The Beginning of the End....

We saw the doctor yesterday - it seems my body is already getting ready to do this thing. I have started dilating and the baby is pretty effaced. Scary and exciting. I am convinced that God, in all infinite wisdom, makes the last month of pregnancy so miserable that even people like me are ready to actually have the child. My brain just keeps saying - "Let's get this done. I don't totally know what actual parenthood entails, and I am still terrified, but it can't be worse than this. Bring it on."

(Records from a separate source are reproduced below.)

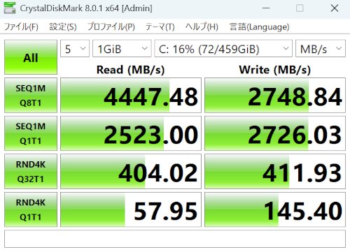 SSDの読み書きの速度を計測しました。高速に動作するSSDです。パソコンの動作が快適になります。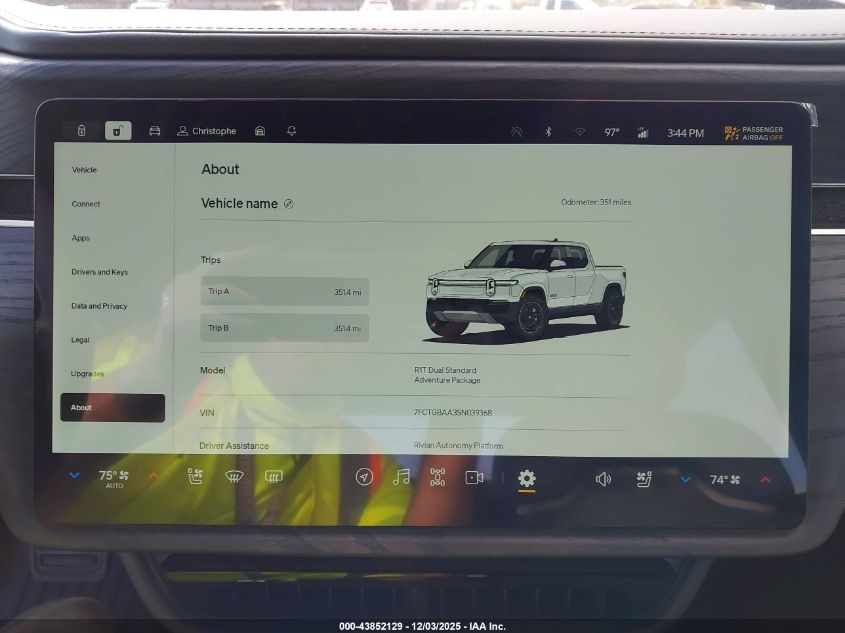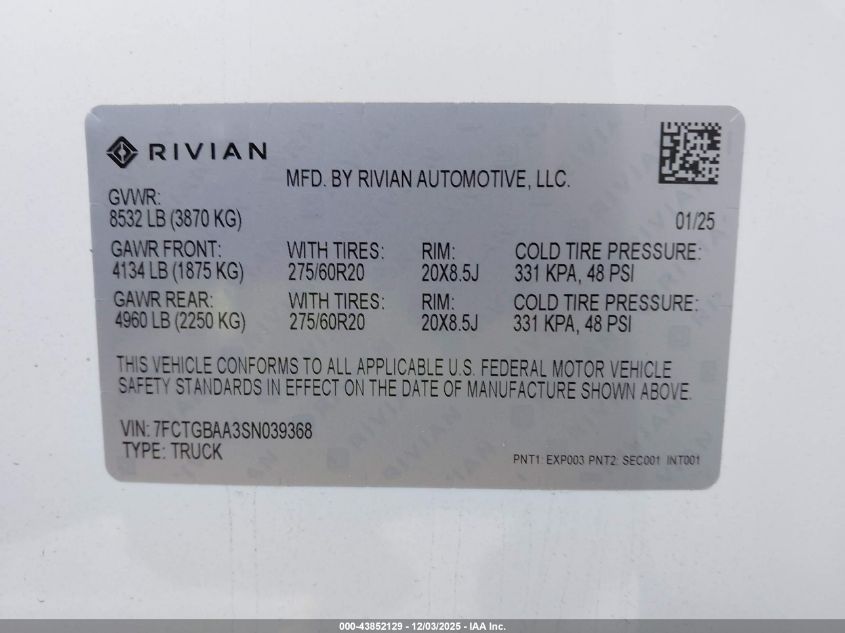 2025 RIVIAN R1T - 7FCTGBAA3SN039368, колір - Білий, 0.0, Електричний, Повний привід із США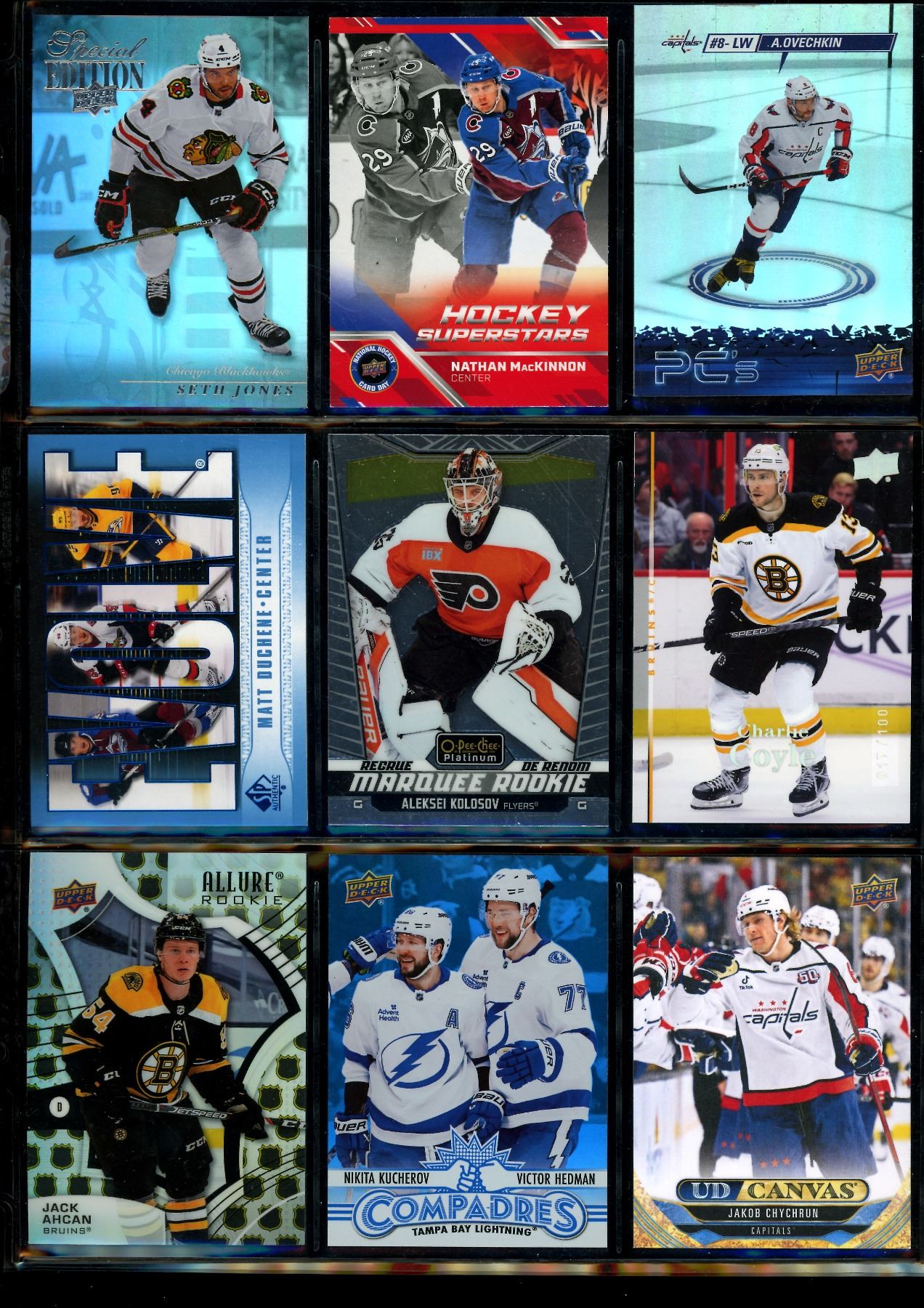 Lot 634 Lot of 9 Various Hockey Inserts or Rookie Cards Various Teams & Players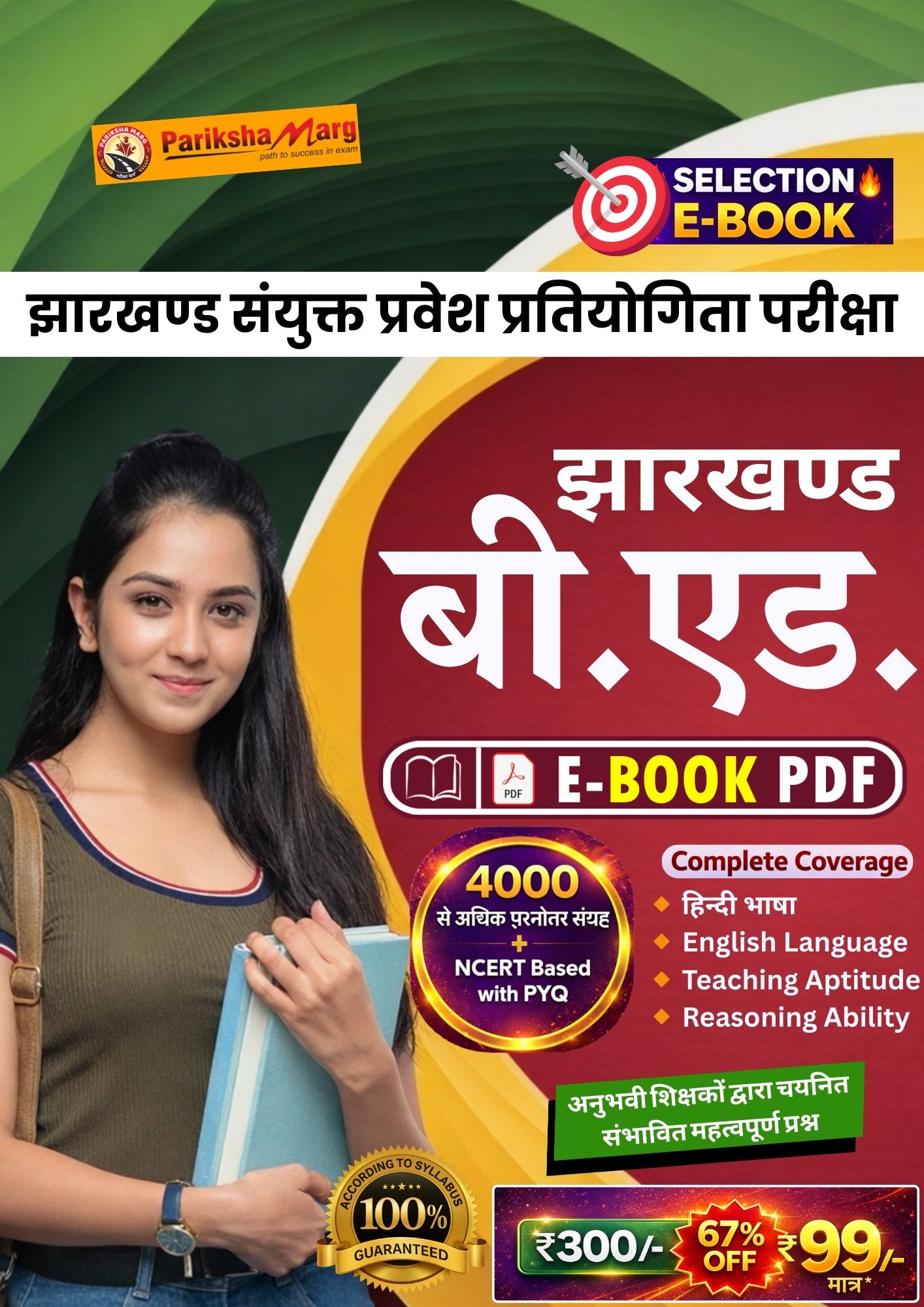 यह ई-बुक विशेष रूप से झारखंड संयुक्त प्रवेश प्रतियोगिता परीक्षा (Jharkhand B.Ed Entrance Exam) के नवीनतम सिलेबस और पैटर्न के अनुसार तैयार की गई है। इसमें 4000+ महत्वपूर्ण प्रश्नों का संग्रह शामिल है, जो आपकी तैयारी को मजबूत आधार प्रदान करता है।
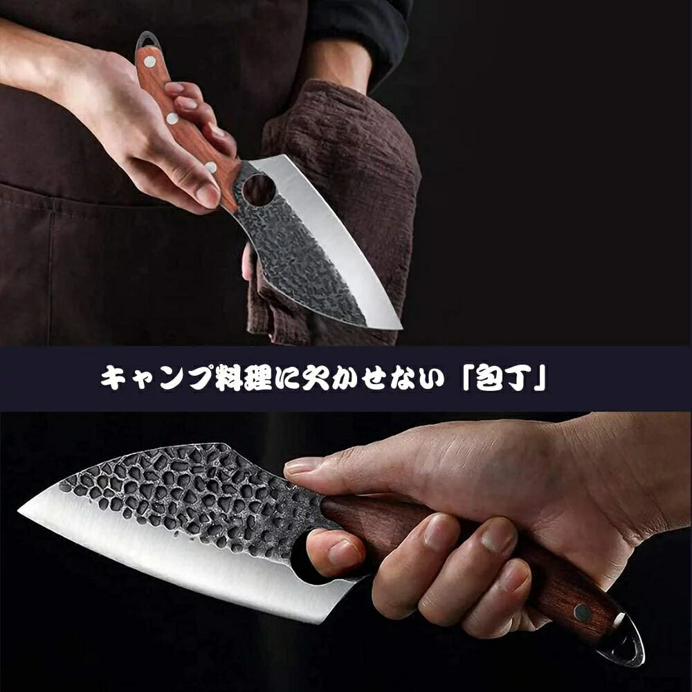 商品情報 商品説明 【商品情報】 【商品情報】全長:24.5cm 刃体長さ:14cm、刃の厚さ:5mm ブレード素材:高炭素鋼 ハンドル素材: 天然木 重量:277.4g 硬度:58-59HRC 【狩猟解体包丁】職人の手によって丹念に仕上げられた、高い性能と高級感を備えた本出刃包丁。刃には「高炭素鋼」と「58 HRC鋼」が使用され、鋭い切れ味が特徴です。ズシリと重量感があり、硬度も高い厚手刃なので、堅い骨も叩き切れます。魚をさばくだけでなく、骨付き肉の料理にも適したモデルです。 【 フルタング構造】肉の解体などに大変便利な包丁は、切れ味は勿論、操作性を追求したデザインです。柄は刃から柄の先までの一体型となっており、持ち手の部分には両側から天然木を使用。丸みがあり、握りやすく力を加えやすいです。ハンティング、フィッシング、キャンピングなど、様々な場面で活躍してくれる万能ナイフです。 【 本革シース付き 】付属の革シースにはベルトループが付いていて、幅7mmサイズまでのベルトに通せるので、腰に下げて持ち歩くことが可能。 【ご注意】正当な理由なくこの商品を携帯することは法令により禁止されております。 18歳未満の方はこの商品を購入しないようお願いします。 お子様の手のの届かない安全な所にきちんと保管してください。

Anyway...turns out we might have a baby before March 15 - the doctor seems to think there is a good chance it could be an early arrival (He is now guessing anytime between now and March 6) He also thinks it won't even quite weigh 7 lbs, probably in the 5 or 6 range (hallelujah!)

Until then you can find me out walking and walking and walking.

Friday, February 19, 2010

Breaking up is hard to do

It always has been. However, I find myself thinking lately about how much harder social networking sites like Facebook and even our blogs make it. We have had a number of friends and acquaintances in the last little while, for a variety of reasons, call it quits on their marriages or long-term relationships. Trev and I have tried very hard in each of these cases not to take sides and to just treat each individual with all the love and friendship we have always treated them with.

I am no stranger to divorce - I grew up in a divorced family. I know that life can be messy and complicated. I know there is usually blame for both sides. I know that this type of relationship dissolution inevitably changes the relationships of everyone even peripherally involved, friends, co-workers, neighbors...heck, even the mail man has to start forwarding and returning letters.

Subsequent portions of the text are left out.